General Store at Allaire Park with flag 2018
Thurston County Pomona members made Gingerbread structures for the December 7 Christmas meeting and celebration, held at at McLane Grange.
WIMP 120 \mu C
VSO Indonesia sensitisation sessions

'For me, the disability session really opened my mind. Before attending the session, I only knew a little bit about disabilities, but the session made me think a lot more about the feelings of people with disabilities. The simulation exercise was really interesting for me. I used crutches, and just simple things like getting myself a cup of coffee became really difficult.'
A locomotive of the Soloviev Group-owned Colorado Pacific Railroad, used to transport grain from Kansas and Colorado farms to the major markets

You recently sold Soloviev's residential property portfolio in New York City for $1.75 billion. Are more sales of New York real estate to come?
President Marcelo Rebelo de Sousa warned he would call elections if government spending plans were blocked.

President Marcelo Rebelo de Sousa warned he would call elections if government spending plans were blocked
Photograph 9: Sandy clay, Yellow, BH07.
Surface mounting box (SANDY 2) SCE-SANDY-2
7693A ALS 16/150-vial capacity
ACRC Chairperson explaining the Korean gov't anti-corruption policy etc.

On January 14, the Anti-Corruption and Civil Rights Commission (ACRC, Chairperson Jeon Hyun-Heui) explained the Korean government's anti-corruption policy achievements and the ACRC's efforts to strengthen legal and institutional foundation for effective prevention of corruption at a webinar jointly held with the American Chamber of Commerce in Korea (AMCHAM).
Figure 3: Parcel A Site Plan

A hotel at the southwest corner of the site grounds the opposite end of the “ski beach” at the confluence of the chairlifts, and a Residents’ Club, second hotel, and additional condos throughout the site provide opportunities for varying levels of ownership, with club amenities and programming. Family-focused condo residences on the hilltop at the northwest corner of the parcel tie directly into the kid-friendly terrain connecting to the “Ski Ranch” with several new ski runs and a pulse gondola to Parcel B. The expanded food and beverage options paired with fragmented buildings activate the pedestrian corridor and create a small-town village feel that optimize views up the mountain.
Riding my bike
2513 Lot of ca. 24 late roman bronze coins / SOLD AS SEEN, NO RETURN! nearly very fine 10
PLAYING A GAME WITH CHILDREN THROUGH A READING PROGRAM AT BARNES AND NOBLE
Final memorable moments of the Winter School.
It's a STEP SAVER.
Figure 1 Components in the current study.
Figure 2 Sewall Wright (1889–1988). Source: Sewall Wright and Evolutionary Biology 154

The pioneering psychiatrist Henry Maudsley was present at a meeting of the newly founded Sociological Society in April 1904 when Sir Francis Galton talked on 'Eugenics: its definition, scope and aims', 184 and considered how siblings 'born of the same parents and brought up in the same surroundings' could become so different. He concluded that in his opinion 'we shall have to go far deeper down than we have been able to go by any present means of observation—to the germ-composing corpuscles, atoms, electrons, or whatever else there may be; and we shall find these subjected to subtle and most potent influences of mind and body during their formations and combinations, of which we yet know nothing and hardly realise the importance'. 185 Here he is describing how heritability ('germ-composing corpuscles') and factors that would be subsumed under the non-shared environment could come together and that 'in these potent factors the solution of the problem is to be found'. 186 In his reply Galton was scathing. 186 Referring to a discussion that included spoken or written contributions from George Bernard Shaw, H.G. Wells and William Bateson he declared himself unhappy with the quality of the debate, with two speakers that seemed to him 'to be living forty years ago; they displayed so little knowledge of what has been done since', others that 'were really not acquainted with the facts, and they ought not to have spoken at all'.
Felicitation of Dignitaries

--

Your goal:
Starting with the line above that holds "plans were blocked." and stopping with the line that holds "Photograph 9: Sandy clay, Yellow, BH07.", reproduce each line exactly, omitting all other lines.

Answer space:
President Marcelo Rebelo de Sousa warned he would call elections if government spending plans were blocked.

President Marcelo Rebelo de Sousa warned he would call elections if government spending plans were blocked
Photograph 9: Sandy clay, Yellow, BH07.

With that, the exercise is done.